To track it down, the more than 160 collaborators who have built and gathered data from the National Science Foundation’s Atacama Cosmology Telescope in the high Chilean Andes observed light emanating following the dawn of the universe’s formation, the Big Bang — when the universe was only 380,000 years old. Cosmologists often refer to this diffuse CMB light that fills our entire universe as the “baby picture of the universe.”

The team tracked how the gravitational pull of massive dark matter structures can warp the CMB on its 14-billion-year journey to us, just as antique, lumpy windows bend and distort what we can see through them.

“We’ve made a new mass map using distortions of light left over from the Big Bang,” said Mathew Madhavacheril, a 2016-2018 Princeton postdoc who is the lead author of one of the papers and an assistant professor in physics and astronomy at the University of Pennsylvania. “Remarkably, it provides measurements that show that both the ‘lumpiness’ of the universe, and the rate at which it is growing after 14 billion years of evolution, are just what you’d expect from our standard model of cosmology based on Einstein’s theory of gravity.”

Sherwin added, “Our results also provide new insights into an ongoing debate some have called ‘The Crisis in Cosmology.’” This “crisis” stems from recent measurements that use a different background light, one emitted from stars in galaxies rather than the CMB. These have produced results that suggest the dark matter was not lumpy enough under the standard model of cosmology and led to concerns that the model may be broken. However, the ACT team’s latest results precisely assessed that the vast lumps seen in this image are the exact right size.

“While earlier studies pointed to cracks in the standard cosmological model, our findings provide new reassurance that our fundamental theory of the universe holds true,” said Frank Qu, lead author of one of the papers and a Cambridge graduate student as well as a former Princeton visiting researcher.

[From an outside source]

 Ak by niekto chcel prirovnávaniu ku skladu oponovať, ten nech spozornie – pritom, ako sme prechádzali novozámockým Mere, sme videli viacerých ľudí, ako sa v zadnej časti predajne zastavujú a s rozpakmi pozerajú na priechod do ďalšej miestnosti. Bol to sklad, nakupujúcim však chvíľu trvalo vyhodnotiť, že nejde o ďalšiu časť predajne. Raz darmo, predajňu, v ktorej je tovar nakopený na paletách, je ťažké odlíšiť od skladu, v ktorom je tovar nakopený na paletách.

“The CMB is famous already for its unparalleled measurements of the primordial state of the universe, so these lensing maps, describing its subsequent evolution, are almost an embarrassment of riches,” said Staggs, whose team built the detectors that gathered this data over the past five years. “We now have a second, very primordial map of the universe. Instead of a ‘crisis,’ I think we have an extraordinary opportunity to use these different data sets together. Our map includes all of the dark matter, going back to the Big Bang, and the other maps are looking back about 9 billion years, giving us a layer that is much closer to us. We can compare the two to learn about the growth of structures in the universe. I think is going to turn out to be really interesting. That the two approaches are getting different measurements is fascinating.”

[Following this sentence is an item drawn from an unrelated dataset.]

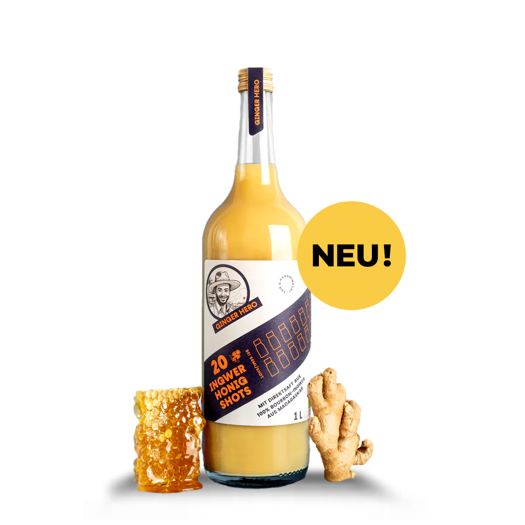 Ginger Hero ist dein täglicher Ingwer-Kick in seiner besten Form: kraftvoll, natürlich und kompromisslos hochwertig. Im Zentrum steht echter Bourbon-Ingwer aus Madagaskar – bekannt für seine besonders aromatische Schärfe und intensive Frische. Ob als Shot, Sirup oder Konzentrat: Ginger Hero bringt dir pure Power in die Flasche, perfekt für alle, die sich bewusst etwas Gutes tun wollen – mit Geschmack, Charakter und richtig Druck.

ACT, which operated for 15 years, was decommissioned in September 2022. Nevertheless, more papers presenting results from the final set of observations are expected to be submitted soon, and the Simons Observatory will conduct future observations at the same site, with a new telescope slated to begin operations in 2024. This new instrument will be capable of mapping the sky almost 10 times faster than ACT.

Of the co-authors on the ACT team’s series of papers, 56 are or have been Princeton researchers. More than 20 scientists who were junior researchers on ACT while at Princeton are now faculty or staff scientists themselves. Lyman Page, Princeton’s James S. McDonnell Distinguished University Professor in Physics, was the former principal investigator of ACT.

This research will be presented at “Future Science with CMB x LSS,” a conference running from April 10-14 at Yukawa Institute for Theoretical Physics, Kyoto University. The pre-print articles highlighted here will appear on the open-access arXiv.org. They have been submitted to the Astrophysical Journal. This work was supported by the U.S. National Science Foundation (AST-0408698, AST-0965625 and AST-1440226 for the ACT project, as well as awards PHY-0355328, PHY-0855887 and PHY-1214379), Princeton University, the University of Pennsylvania, and a Canada Foundation for Innovation award. Team members at the University of Cambridge were supported by the European Research Council.